START Entries supplied
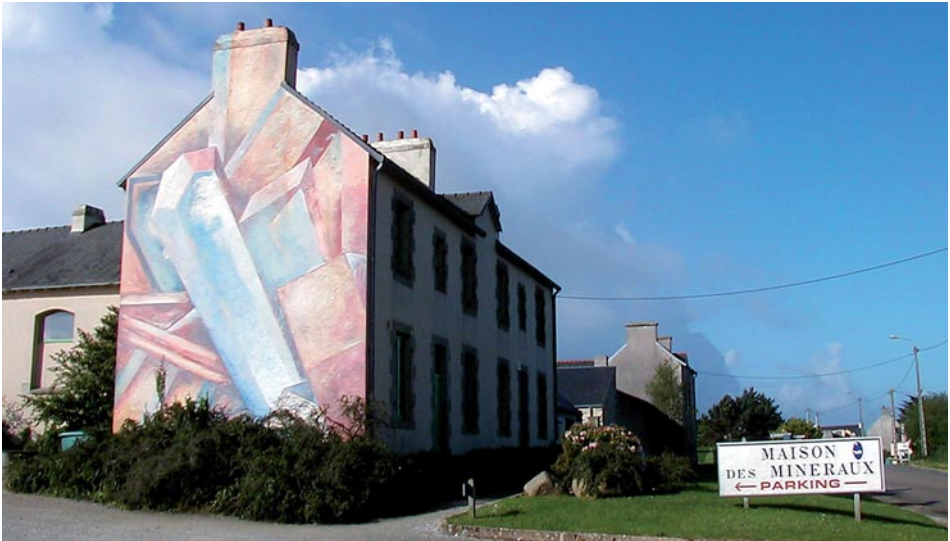
La Maison des minéraux de Saint-Herlot, Crozon, Finistère.

À Crozon, la Maison des minéraux de Saint-Herlot, structure muséale permanente du Parc Naturel Régional d'Armorique (PNRA), a été réalisée à la fin des années 80 autour de la collection minéralogique et pétrographique François le Bail pour faire connaître et valoriser la remarquable géologie de la presqu'île. Idéalement située sur la route touristique menant au cap de la Chèvre, elle dispose aujourd'hui d'une palette très complète d'outils de médiation qui vont des salles d'exposition jusqu'à l'utilisation des réseaux de communication sur le web en passant par les médias écrits. Il faut souligner l'importance de ses activités de terrain, non seulement en presqu'île mais plus largement dans l'Ouest Bretagne en direction des scolaires de tous niveaux, des groupes d'adultes et du grand public, réalisées sous la houlette de médiateurs de qualité.
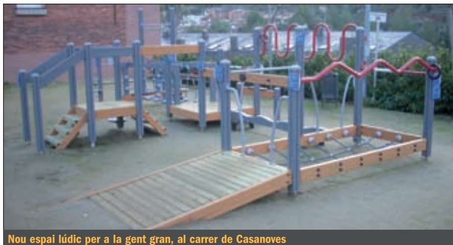
Nou espai lúdic per a la gent gran, al carrer de Casanoves
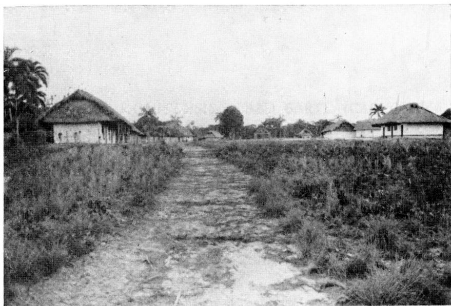
3. Tipo de aldea y vivienda introducida por comerciantes y misioneros.
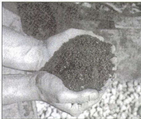
A kész komposzt

Hatalmas feladatot ró ez a jogalkotókra, kormányokra, hivatalokra, de mit tehet az egyén, a kisközösség?
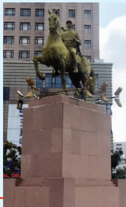
搬迁后的大铜马底座变高了一些
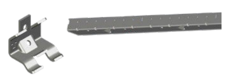
Clé d'encreage EziKi et bande de départ
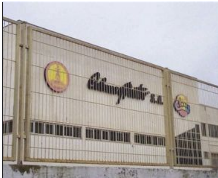
Exterior de la empresa Coloma y Pastor
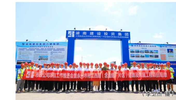
永州市湘西西路（含造纸厂片区道路）及附属工程观摩暨经验交流会现场。

据悉，永州市湘西西路（含造纸厂片区道路）及附属工程项目，总长1997米，标准路幅宽度36米，城市主干道，双向六车道，其中还包含两条支路（桃园路、支路一）。建设内容包括路基、路面、排水、人行道、绿化、亮化、景观等工程。该项目是永州市重点城建项目和重要民生工程，建成后将助推永州市“一江两岸”的发展，改善沿路居民的出行和休闲环境，进一步彰显永州生态、人文特色，提升城市活力和影响力。（李卫杰）
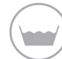
bacino di raccolta acque meteoriche
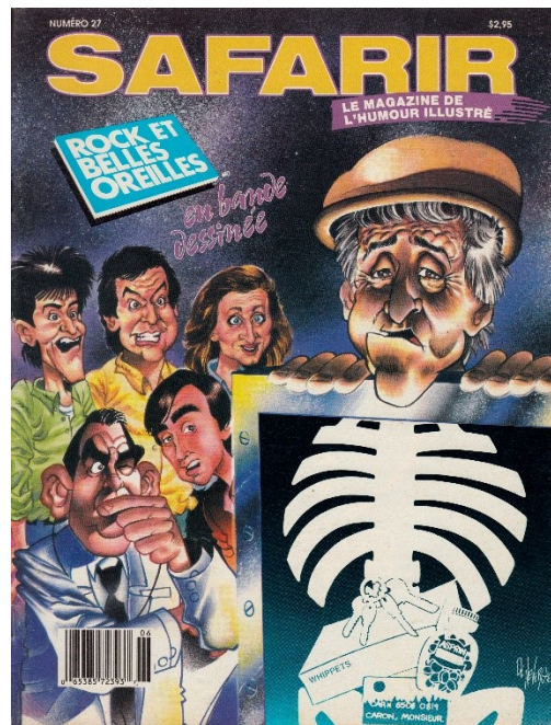
Page couverture, satire de l'émission télé de Radio-Canada « Rock et Belles Oreilles », Safarir 27, 1990.
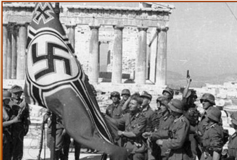
Немецкие войска в Афинах

1941 г. – захват Германией Югославии и Греции
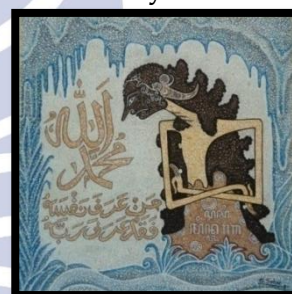
Gambar 10 "Resi Minta Raga"

Judul Karya : Resi Minta Raga Ukuran : 80 x 80 cm Tahun Pembuatan : 2012 Tekhnik : Kolase ( kulit telur )
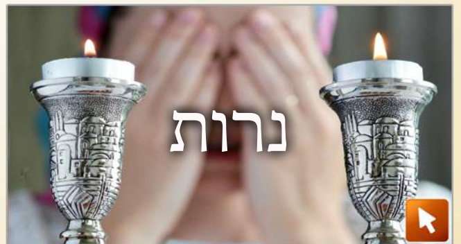
Calendrier 2024 de Roch Hachana
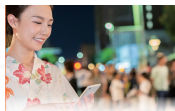
町おこしイベントでの活用
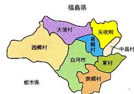
くみあいこうせい 組合構成市町村

8つの市町村が協力して、ごみの しゆえゆう 収集・ しより 処理をすすめています。
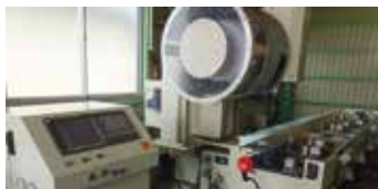
■ インモーションセンタ ・ サワイリエンジニアリング 長尺マシニングインデックス付き
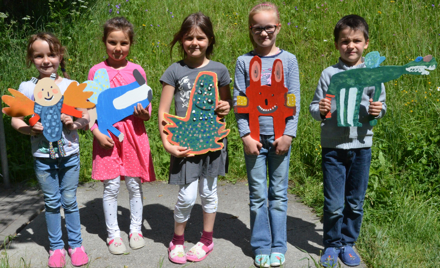
1. Klasse Grundschule - Schuljahr 2015/2016
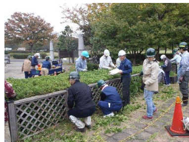
定員制講習(樹木)の様子

詳しくは、 公園協会ホームページ内ボランティアページの「TOPICS!」 に掲載しております。ぜひご覧下さい!(アクセス方法は裏頁に掲載しています)。
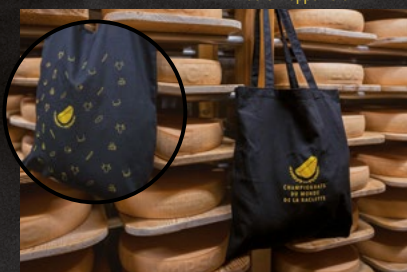
Shopper 5 CHF
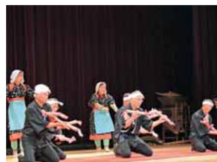
アトラクション：片瀬の銭太鼓

エコミュージアムの活動理念は「住民による」が不可欠であり、まちづくりの切り札は「バカ者・キレ物・よそ者」です。皆さま方の更なるパワーを期待し“YES WE CAN”有難うございました。
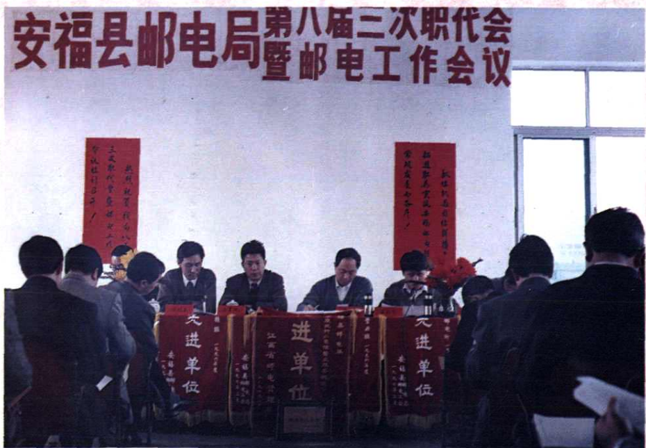
安福县邮电局第八届三次职代会暨邮电工作会议 (1997年3月)
END Entries supplied
__Your assignment__
Find the line containing "定員制講習(樹木)の様子" in the listing above. Restate it and every line after it, word for word, through the final line, leaving out the pictures.

__Answer section__
定員制講習(樹木)の様子

詳しくは、 公園協会ホームページ内ボランティアページの「TOPICS!」 に掲載しております。ぜひご覧下さい!(アクセス方法は裏頁に掲載しています)。
Shopper 5 CHF
アトラクション：片瀬の銭太鼓

エコミュージアムの活動理念は「住民による」が不可欠であり、まちづくりの切り札は「バカ者・キレ物・よそ者」です。皆さま方の更なるパワーを期待し“YES WE CAN”有難うございました。
安福县邮电局第八届三次职代会暨邮电工作会议 (1997年3月)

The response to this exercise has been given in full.